Take a look for yourself. Here are some highlights from the technological past:
From “Making Money Using Personal Computers” by David Wise
Arizona REALTOR® Digest – May/June 1984
Computers. The very word either causes a Pac Man-type grin or absolute, sheer, unadulterated panic…
Personal computers are here to stay. Salespeople and sales managers who refuse to buy and learn to use computers will be far behind the times…
[The personal computer] is designed to sit right on your desk, next to your ROLODEX® file and your telephone.
Word processing…is about 85% of what will make money, pay for the computer and increase the production of the salesperson.
From “Cellular Phone Links In-Car Terminal to MLS Computer Database”
Arizona REALTOR® Digest – July/August 1984
A data transmission system using a mobile cellular telephone and portable computer terminal will give real estate agents in the metro Phoenix area access to the Multiple Listing Service database from their cars… “The cost of the cellular telephone, interface and terminal is under $4,000.”
From “The Computer: A Mind of Your Own” by Mark J. Burrell
Arizona REALTOR® Digest – September/October 1985
Fire. The wheel. Telephones. Automobiles. These are all discoveries or inventions that mankind has survived and come to accept as an inevitable element of our lives. Along with adjustable-rate mortgages, the computer may be added to this list…
To efficiently operate a personal computer today, you don’t need to be a mathematical genius or have a degree in electrical engineering from Cal-Tech… The computer is (or can be) your friend.

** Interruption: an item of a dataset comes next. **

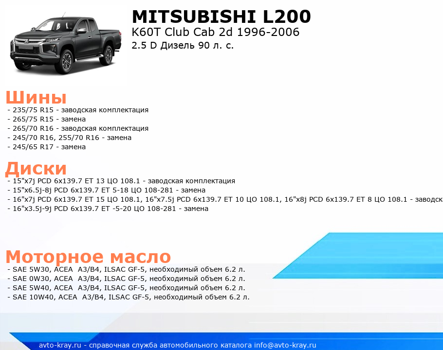 L200 2.5 D Дизель 90 л. с.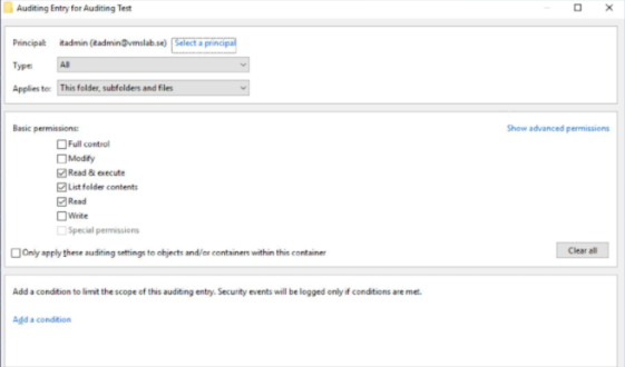 Add the Users or Groups that you want to audit and check all of the appropriate boxes.

A well-organized and computerized business plan will not only increase your productivity and income, but also enrich your professional image.
From “The Hard Facts About Software” By Mark J. Burrell
Arizona REALTOR® Digest – March/April 1986
The computer automatically types a ‘fresh’ personalized letter to each client, just as if you were doing it yourself.
Only the imagination of the user, and not the ability of the spreadsheet, is usually the limiting factor.
From “Selecting Real Estate Accounting Software” by Pat O’Neill
Arizona REALTOR® Digest – November/December 1986
Purchase at least a ten million character (10MB) hard drive system—it is faster, more versatile and cost effective.
Error recovery and hardware failure recovery systems—which hopefully will never have to be used—should be an integral part of the system. You should be able to toss your computer out the window and purchase a new one…without losing data.
From “AAR’s Website Debuts in April” by Ron LaMee
Arizona REALTOR® Digest – April 1997
To find out more about any subject, all you will do is enter a few keywords into the Research Librarian. This “virtual person” will find every reference to your topic… To get a piece of information, you will click on it and, in seconds, see it on your screen.
From “Technology Tools for 2000”
Arizona REALTOR® Digest – January 2000
Personal digital assistants (PDAs) … have an average of 4 to 8 MB of memory, allowing REALTORS® to store such important information as calendars, names, addresses and phone numbers.
Phones with voicemail, caller ID and paging have made life even simpler, eliminating the need to carry pagers and call in for messages.
Virtual tours, made with images from digital cameras, [are] the up and coming technology for REALTORS®.
Of all the technology tools, the value of [web pages] seems to cause the most controversy among REALTORS®… You have to work your site… “Spend the same amount of time on your Web site as you spend on farming, and you’ll be successful.”
The key is early, rapid response to [consumer] email.